Genomic dissection of cellular plasticity and transcriptional memory in drug tolerance.

Non-genetic cellular heterogeneity has a poorly understood origin but a significant impact on human health.

A clear example is the phenotypic switch associated with the appearance of drug-tolerant persister cells that can escape anticancer treatment and provide a reservoir from which resistant clones may evolve. There is an urgent need to develop therapies targeting these processes, however they are not yet fully understood.

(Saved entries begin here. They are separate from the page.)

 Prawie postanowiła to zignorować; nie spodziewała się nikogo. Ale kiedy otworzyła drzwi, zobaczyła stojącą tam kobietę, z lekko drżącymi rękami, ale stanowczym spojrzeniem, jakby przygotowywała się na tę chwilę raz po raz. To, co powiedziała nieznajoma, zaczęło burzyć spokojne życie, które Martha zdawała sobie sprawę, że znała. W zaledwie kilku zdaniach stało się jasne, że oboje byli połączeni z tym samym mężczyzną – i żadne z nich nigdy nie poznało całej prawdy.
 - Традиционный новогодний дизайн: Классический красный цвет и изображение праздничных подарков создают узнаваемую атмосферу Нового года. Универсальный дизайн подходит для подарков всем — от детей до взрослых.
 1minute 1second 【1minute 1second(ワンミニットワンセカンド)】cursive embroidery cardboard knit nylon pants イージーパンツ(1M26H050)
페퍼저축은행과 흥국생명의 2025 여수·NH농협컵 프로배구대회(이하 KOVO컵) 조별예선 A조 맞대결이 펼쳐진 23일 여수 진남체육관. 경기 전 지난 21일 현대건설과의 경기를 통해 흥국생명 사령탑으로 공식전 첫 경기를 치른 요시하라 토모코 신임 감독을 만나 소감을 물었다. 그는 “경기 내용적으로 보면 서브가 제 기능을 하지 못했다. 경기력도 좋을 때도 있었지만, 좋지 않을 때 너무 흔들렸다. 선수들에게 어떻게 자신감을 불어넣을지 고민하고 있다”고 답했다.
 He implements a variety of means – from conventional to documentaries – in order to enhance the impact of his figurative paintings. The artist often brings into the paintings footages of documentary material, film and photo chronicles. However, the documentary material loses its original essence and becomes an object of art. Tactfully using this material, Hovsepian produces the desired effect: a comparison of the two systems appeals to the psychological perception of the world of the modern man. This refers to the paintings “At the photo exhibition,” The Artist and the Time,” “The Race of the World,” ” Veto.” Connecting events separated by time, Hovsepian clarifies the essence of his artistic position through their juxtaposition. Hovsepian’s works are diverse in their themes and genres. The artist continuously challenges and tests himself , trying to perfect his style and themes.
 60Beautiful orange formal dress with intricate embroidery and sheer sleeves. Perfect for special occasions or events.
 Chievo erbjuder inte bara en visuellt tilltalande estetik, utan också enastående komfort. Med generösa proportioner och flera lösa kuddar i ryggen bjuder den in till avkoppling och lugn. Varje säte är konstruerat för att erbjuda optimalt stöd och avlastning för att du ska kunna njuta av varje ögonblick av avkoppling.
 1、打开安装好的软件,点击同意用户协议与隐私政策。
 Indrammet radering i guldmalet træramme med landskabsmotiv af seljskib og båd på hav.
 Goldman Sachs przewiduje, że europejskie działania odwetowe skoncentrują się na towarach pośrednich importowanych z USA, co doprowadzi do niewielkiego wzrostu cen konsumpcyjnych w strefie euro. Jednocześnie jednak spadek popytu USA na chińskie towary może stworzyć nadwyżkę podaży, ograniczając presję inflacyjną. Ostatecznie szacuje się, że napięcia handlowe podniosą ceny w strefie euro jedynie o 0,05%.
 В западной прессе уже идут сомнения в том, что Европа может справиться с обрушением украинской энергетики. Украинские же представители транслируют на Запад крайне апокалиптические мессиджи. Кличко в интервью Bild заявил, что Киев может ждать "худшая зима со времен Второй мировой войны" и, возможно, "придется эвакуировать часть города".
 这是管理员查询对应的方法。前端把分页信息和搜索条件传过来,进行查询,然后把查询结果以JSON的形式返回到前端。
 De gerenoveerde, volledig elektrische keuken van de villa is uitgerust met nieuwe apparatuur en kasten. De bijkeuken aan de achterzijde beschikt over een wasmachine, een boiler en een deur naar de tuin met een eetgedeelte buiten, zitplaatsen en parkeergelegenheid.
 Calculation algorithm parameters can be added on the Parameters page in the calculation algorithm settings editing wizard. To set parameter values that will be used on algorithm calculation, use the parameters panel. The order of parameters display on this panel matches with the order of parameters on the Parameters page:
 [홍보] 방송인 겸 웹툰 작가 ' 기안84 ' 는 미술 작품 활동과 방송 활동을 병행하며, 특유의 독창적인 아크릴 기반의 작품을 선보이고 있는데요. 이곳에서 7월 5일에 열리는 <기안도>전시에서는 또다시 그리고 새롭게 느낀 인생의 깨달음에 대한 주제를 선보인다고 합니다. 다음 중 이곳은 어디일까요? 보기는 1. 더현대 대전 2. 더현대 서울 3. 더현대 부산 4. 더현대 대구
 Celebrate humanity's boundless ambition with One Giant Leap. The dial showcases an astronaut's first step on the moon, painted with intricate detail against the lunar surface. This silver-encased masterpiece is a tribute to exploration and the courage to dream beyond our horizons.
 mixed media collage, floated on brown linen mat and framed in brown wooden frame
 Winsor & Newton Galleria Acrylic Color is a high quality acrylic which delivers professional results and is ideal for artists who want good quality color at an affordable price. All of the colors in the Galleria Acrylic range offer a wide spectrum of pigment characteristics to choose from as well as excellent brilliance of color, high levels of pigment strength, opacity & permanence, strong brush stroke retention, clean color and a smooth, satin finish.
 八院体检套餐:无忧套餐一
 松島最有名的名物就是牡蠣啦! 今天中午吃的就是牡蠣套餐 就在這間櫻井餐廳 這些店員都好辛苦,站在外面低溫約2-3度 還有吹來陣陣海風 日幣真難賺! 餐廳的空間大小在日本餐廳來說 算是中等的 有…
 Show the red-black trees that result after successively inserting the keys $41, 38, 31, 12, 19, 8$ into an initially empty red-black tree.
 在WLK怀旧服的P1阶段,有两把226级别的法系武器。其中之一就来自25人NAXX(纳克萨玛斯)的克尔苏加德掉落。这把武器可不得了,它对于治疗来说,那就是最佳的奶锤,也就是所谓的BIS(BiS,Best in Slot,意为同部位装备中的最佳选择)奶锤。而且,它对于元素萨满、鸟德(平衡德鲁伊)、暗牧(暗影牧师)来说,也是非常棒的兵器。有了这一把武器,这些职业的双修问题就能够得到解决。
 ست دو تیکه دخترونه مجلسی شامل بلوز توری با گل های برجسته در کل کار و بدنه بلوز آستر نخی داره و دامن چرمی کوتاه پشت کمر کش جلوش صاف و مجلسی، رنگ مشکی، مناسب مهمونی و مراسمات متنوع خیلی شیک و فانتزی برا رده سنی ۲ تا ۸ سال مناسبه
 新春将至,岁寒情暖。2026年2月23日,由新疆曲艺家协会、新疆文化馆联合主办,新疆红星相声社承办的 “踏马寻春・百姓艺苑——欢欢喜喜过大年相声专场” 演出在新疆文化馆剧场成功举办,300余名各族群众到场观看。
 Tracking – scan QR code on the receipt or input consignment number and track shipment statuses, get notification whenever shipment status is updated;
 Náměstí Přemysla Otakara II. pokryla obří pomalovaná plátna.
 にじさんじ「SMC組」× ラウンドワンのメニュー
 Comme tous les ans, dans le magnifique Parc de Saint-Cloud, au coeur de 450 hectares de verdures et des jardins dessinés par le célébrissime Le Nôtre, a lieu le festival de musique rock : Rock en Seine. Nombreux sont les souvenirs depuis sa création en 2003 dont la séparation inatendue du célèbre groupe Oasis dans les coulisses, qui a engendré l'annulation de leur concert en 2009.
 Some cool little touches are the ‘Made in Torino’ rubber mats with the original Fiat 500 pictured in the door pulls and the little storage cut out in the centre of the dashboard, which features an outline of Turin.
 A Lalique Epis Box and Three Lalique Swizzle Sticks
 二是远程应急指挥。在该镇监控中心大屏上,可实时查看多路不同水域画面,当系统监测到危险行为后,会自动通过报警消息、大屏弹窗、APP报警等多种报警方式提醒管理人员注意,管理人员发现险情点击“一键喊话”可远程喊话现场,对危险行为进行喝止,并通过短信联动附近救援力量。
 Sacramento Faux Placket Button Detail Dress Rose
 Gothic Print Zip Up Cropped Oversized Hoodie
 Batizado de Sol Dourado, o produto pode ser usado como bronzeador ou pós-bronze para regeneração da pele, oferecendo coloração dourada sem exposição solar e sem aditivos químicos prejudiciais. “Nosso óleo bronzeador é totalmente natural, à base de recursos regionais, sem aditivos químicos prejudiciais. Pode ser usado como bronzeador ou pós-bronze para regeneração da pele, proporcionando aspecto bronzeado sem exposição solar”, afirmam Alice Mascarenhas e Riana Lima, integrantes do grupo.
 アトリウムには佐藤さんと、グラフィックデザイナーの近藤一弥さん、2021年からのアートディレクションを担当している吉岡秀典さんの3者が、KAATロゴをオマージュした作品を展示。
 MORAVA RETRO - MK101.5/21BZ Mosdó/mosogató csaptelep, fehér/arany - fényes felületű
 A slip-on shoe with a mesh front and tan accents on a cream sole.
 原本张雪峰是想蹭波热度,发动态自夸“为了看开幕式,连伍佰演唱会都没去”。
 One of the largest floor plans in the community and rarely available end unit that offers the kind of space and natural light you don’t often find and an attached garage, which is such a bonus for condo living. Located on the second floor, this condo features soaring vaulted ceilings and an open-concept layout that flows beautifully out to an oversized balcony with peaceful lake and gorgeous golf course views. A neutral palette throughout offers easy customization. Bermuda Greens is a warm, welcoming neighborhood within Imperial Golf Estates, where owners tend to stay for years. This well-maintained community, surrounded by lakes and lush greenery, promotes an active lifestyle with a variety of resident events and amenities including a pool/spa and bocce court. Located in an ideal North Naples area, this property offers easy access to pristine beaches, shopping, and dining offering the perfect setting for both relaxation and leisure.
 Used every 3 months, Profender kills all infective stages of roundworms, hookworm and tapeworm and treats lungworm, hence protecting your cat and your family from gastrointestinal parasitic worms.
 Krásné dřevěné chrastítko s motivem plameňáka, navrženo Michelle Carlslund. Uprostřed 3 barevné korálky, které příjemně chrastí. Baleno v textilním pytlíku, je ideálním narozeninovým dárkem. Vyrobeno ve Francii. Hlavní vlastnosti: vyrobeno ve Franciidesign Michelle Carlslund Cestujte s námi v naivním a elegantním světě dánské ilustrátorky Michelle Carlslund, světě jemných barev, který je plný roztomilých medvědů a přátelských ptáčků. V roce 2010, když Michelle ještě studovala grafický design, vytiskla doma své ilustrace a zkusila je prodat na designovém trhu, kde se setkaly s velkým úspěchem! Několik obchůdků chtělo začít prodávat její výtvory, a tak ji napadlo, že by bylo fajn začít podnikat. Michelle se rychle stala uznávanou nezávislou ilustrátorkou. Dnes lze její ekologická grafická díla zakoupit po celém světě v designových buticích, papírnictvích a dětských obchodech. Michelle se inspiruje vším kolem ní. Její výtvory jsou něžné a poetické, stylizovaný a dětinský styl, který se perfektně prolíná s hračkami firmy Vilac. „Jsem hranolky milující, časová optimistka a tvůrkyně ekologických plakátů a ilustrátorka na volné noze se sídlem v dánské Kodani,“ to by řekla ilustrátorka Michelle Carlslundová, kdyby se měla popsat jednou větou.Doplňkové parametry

Here, we propose to investigate the fundamental gene expression mechanism controlling cellular plasticity.

We will investigate the factors allowing cells previously exposed to a drug to be more resistant to a second exposure, with a focus on transcriptional memory.

We will investigate which factors facilitate the transition between sensitive and tolerant phenotypic estates in absence of drug treatment. We will develop a novel single-cell RNA-Seq approach able to record a snapshot of the ancestral transcriptome.

This will allow us to link past and present phenotypes, and facilitate the identification of events preceding the phenotypic switches that would be ideal therapeutic targets. Finally, we will integrate and validate all results using in vitro and in vivo systems.

In summary, this project promises to improve our mechanistic understanding of the regulation of phenotypic switches in cancer and aims to identify new therapeutic targets that could increase the efficacy of current treatments.